Using the PlantCARE database, we looked for cis-acting regulatory elements inside the 2000 bp promoter regions of the GmPOD genes in order to explore their possible functions and regulatory processes. Meja response elements (MeJARE), anaerobic response elements (ARE), ABA response elements (ABRE), drought response elements (DRE), low-temperature response elements (LTRE), gibberellin response elements (GARE), defensin and stress response elements (DSRE), SA response elements (SARE), and growth hormone response elements (AuxRE) are just a few of the cis-acting elements linked to plant hormone signaling and the stress responses that our analysis identified (Fig. 8). In all, 180 GmPOD genes were found to include the following elements: 152 ARE elements, 151 ABA elements, 123 MeJA elements, 95 GARE elements, 79 DRE elements, 76 DSRE elements, 71 SA and AuxRE components, and 50 LTRE elements (Fig. 8). These findings imply that these genes may be involved in several plant hormone signaling pathways and stress responses, suggesting that they are involved in how plants respond to their surroundings.

Fig. 8
Fig. 8The alternative text for this image may have been generated using AI.
Full size image

The relationship between the 2000 bp promoter sequence and the soybean GmPOD gene family was investigated. Using MEGA 11.0, the maximum likelihood method, with 1000 bootstrap repeats per branch, was used to construct the phylogenetic tree. TBtools version 1.098661 was used to display the GmPOD 2000 bp promoter sequence, and the PlantCARE database was used for analysis. Several cis-acting regulatory components are represented with boxes of varying colors.
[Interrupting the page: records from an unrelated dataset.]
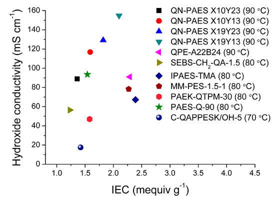 Hydroxide conductivity as a function of calculated IEC values’ comparison between recently reported AEMs.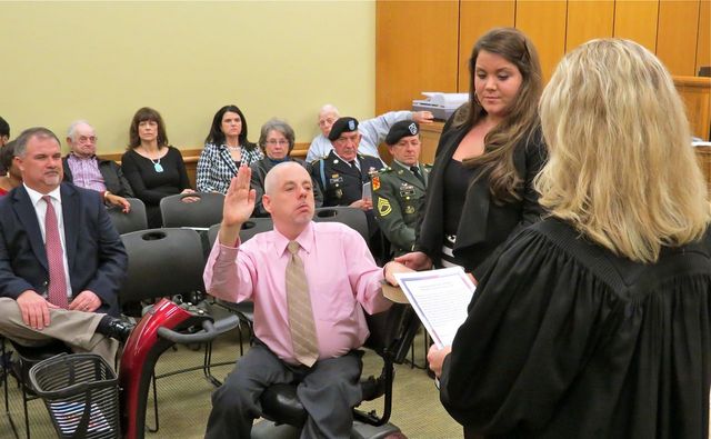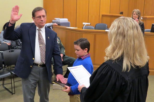 2015-01-06 - Adair County Judicial Center, 201 Campbellsville Street, Columbia, KY - Photo by Ed Waggener. Circuit Judge Judge Vance, administered the oath of Office for Constable Bill Troutwine, Adair County District 1. Holding the Bible is Trey Stephens.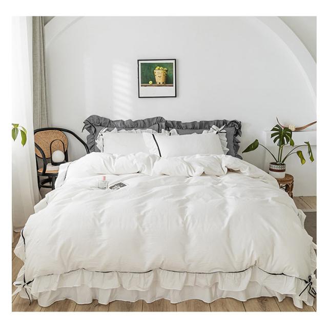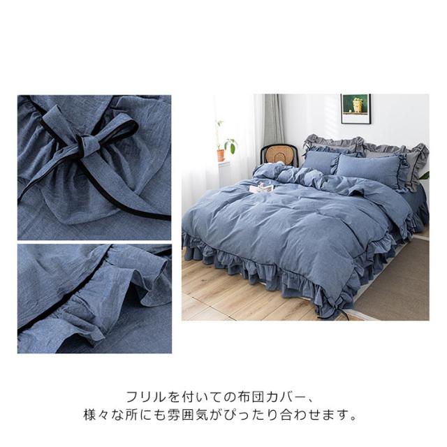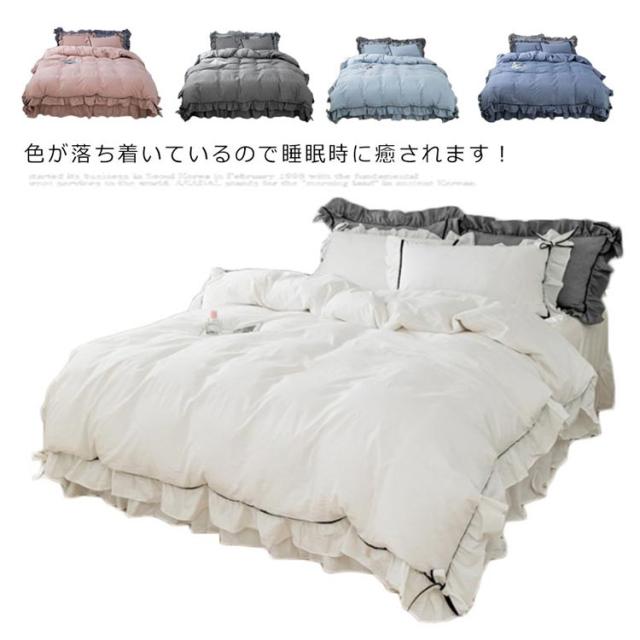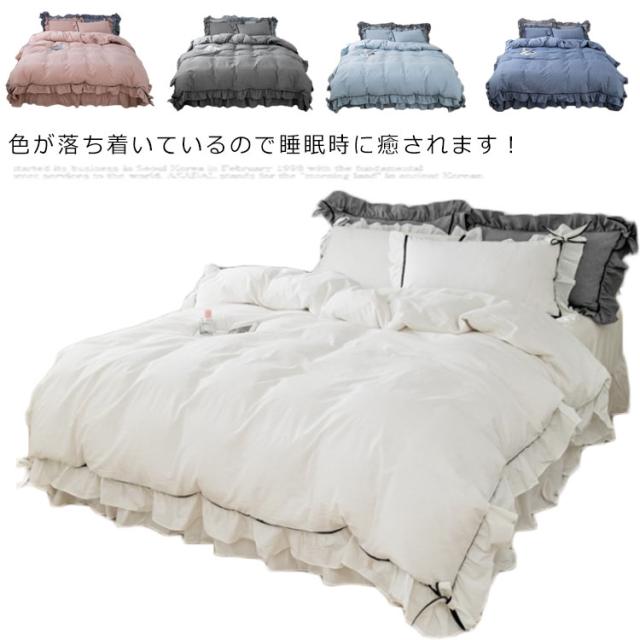 布団カバー ダブル 4点セット ベッドカバー シーツカバー 掛け布団カバー 寝具カバーセット 綿 カバーセット フリル付き おしゃれ かわいい 丸洗いOK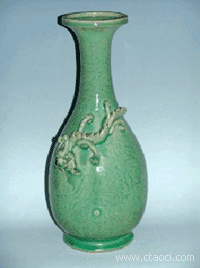 醬釉洗口蟠龍瓶,高23厘米,口徑6.9厘米,胎呈灰褐色。平底淺圈足,向上漸開(kāi),腹壁相對(duì)平直,平肩長(zhǎng)頸,盤口直而薄。接腹處器外側(cè)手捏一圈絲帶飄忽狀泥條裝飾,既加固接縫,防止燒裂,又顯輕盈素雅。頸部蟠龍奮趾張目,悍武有力。飄帶裝飾有如祥云涌動(dòng),蛟龍大有騰云而去之勢(shì)……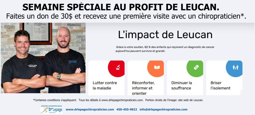 Notre prochaine semaine spéciale débute le 9 février 2026. Faites un don de 30 $ à Leucan et recevez une première visite avec un chiropraticien*.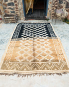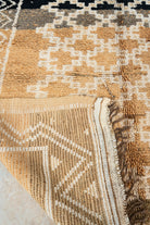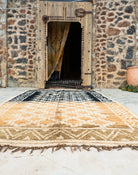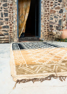 “Soil” on marokkolainen vintagematto Taznakht-heimolta, jossa yhdistyvät hillitty väripaletti ja tasapainoinen kuviointi, mutta vahvat kontrastit.
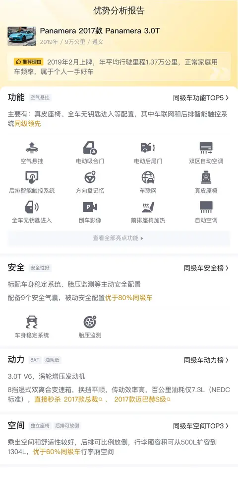 该车具体版本为——2017款Panamera 3.0T,上牌地为遵义,上牌日期2019年2月,表显里程9万公里,新车指导价97.30万,目前二手车报价53.78万,车身颜色白色,截至目前过户0次。支持分期购车,首付16.13万即可开回家。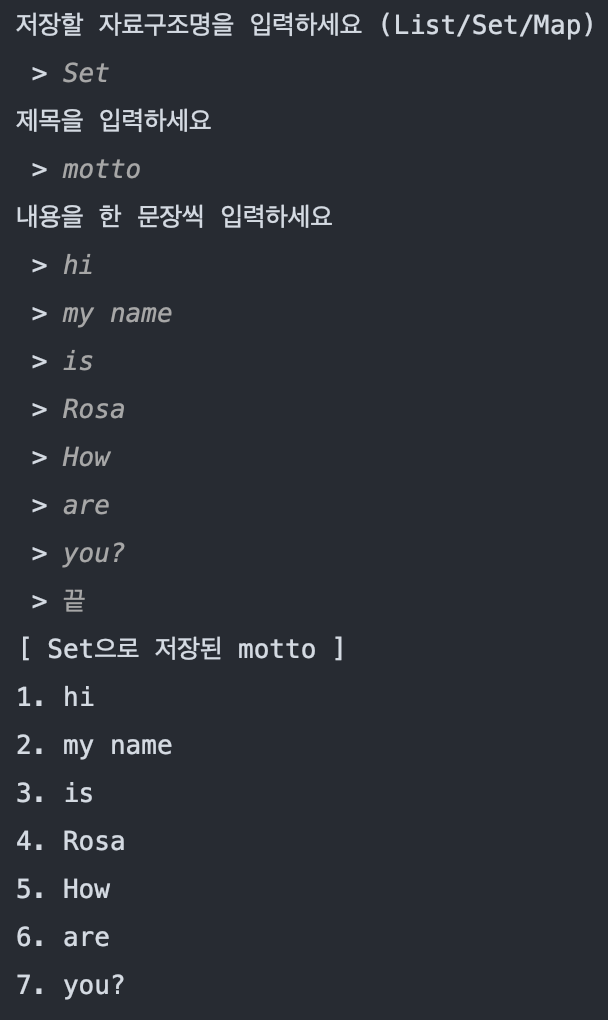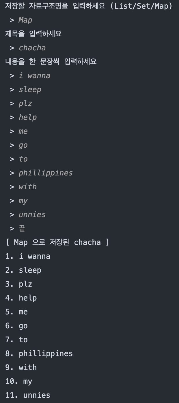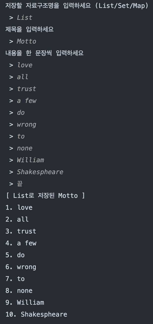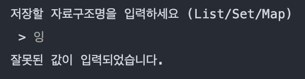 // - 저장할 자료구조명을 입력합니다. (List / Set / Map)

Analysis of GmPOD family expression in different tissues

We used the SoyMD database (Version v2.0) (available at https://yanglab.hzau.edu.cn/SoyMD/#/) to further explore the expression dynamics of GmPOD in soybean. The transcriptomic data in this database were derived from normally growing tissues under non-stress conditions. GmPOD gene expression profiles of several soybean tissues, for example the roots, sams, young leaves, mature leaves, flowers, seeds, embryos, and emdosperm, were examined. The constitutive expression of GmPOD gene family members varied noticeably among various organs, according to our findings (Fig. 9). With 175 genes found in at least one of the tissues under investigation, the heat map displayed the 180 GmPOD genes’ expression patterns throughout these tissues (Fig. 9). Fourteen genes (POD128, POD24, POD11, POD55, POD137, POD149, POD59, POD1, POD176, POD85, POD63, POD118, POD157, and POD141) showed increased expression (TPM ≥ 3.0) in soybean floral tissues; three genes (POD38, POD13, and POD53) were comparatively high expressed (TPM ≥ 3.0) in soybean endosperm tissues; in soybean leaf tissues, three genes (POD46, POD48, and POD105) had comparatively high expression levels; four genes (POD147, POD26, POD57, and POD75) displayed comparatively high expression levels in soybean seed tissues (TPM ≥ 3.0); and, in soybean embryos, two genes (POD45 and POD112) showed increased expression. Moreover, most genes were expressed at comparatively high levels in the tissues of soybean roots and stems (Fig. 9). According to these data, every GmPOD gene demonstrates a unique tissue-specific expression pattern, which may be related to their functions in coordinating plant development, growth, and stress responses.

Fig. 9
Fig. 9The alternative text for this image may have been generated using AI.
Full size image

Expression profiles of GmPOD gene in eight different tissues of soybean: root, stem, leaf, bud, pod, tip, callus and seedling. GmPOD transcriptome analysis of gene expression data from SoyMD database (https://yanglab.hzau.edu.cn/SoyMD/#/) to download. Heat maps were constructed by TBtools (v.1.120) using Log2 (TPM + 1) values for each gene, ranging from low expression levels (blue) to high expression levels (red).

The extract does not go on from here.